— DATASET EXCERPT —
▶
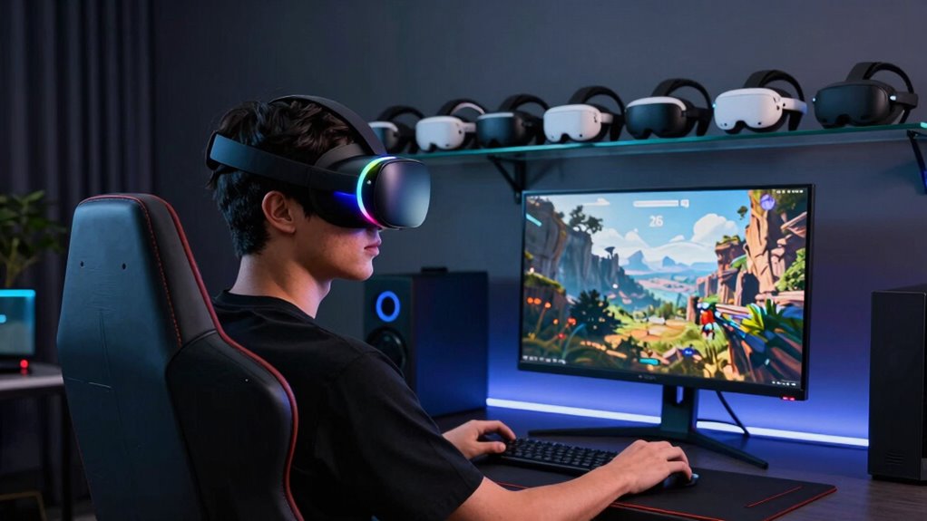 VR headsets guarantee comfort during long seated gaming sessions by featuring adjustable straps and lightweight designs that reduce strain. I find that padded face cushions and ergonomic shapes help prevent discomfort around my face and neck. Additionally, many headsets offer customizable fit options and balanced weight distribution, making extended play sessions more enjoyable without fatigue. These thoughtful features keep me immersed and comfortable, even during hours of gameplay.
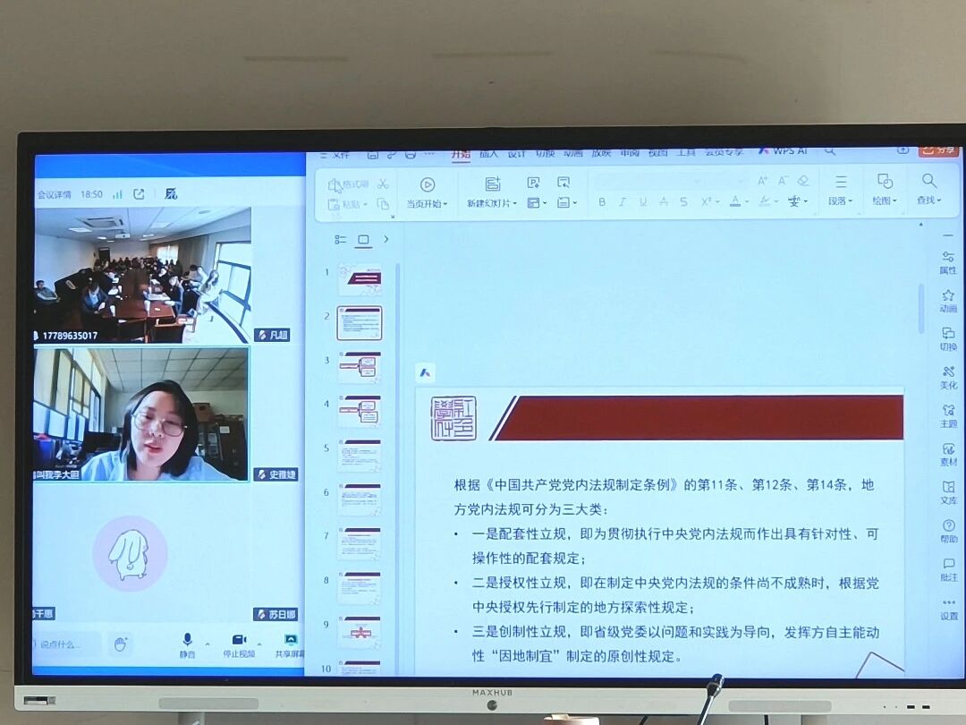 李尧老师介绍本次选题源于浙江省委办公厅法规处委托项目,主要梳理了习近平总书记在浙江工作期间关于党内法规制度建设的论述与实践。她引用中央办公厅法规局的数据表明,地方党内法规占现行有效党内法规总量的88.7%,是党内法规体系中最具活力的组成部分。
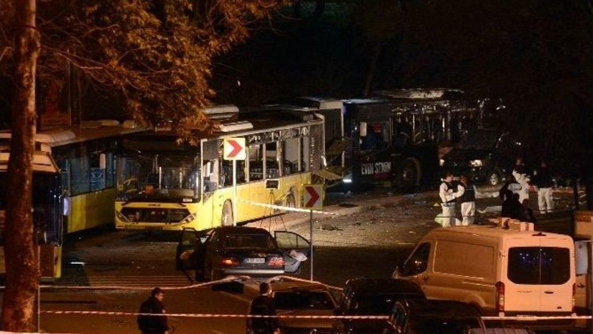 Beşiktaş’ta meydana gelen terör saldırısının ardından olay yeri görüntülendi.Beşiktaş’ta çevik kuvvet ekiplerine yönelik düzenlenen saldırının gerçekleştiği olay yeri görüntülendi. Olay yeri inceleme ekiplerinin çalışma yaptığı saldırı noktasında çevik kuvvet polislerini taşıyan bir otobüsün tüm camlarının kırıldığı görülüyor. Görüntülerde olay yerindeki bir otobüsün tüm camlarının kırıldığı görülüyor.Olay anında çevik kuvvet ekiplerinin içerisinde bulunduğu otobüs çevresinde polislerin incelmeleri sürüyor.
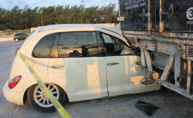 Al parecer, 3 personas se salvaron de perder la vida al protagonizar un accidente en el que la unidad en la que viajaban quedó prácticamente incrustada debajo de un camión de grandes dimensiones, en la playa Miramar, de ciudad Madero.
◀
Ignoring the pictures, write out word for word the lines from the line containing "李尧老师介绍本次选题源于浙江" through the end of the material above.

— REPLY TO THE TASK —
 李尧老师介绍本次选题源于浙江省委办公厅法规处委托项目,主要梳理了习近平总书记在浙江工作期间关于党内法规制度建设的论述与实践。她引用中央办公厅法规局的数据表明,地方党内法规占现行有效党内法规总量的88.7%,是党内法规体系中最具活力的组成部分。
 Beşiktaş’ta meydana gelen terör saldırısının ardından olay yeri görüntülendi.Beşiktaş’ta çevik kuvvet ekiplerine yönelik düzenlenen saldırının gerçekleştiği olay yeri görüntülendi. Olay yeri inceleme ekiplerinin çalışma yaptığı saldırı noktasında çevik kuvvet polislerini taşıyan bir otobüsün tüm camlarının kırıldığı görülüyor. Görüntülerde olay yerindeki bir otobüsün tüm camlarının kırıldığı görülüyor.Olay anında çevik kuvvet ekiplerinin içerisinde bulunduğu otobüs çevresinde polislerin incelmeleri sürüyor.
 Al parecer, 3 personas se salvaron de perder la vida al protagonizar un accidente en el que la unidad en la que viajaban quedó prácticamente incrustada debajo de un camión de grandes dimensiones, en la playa Miramar, de ciudad Madero.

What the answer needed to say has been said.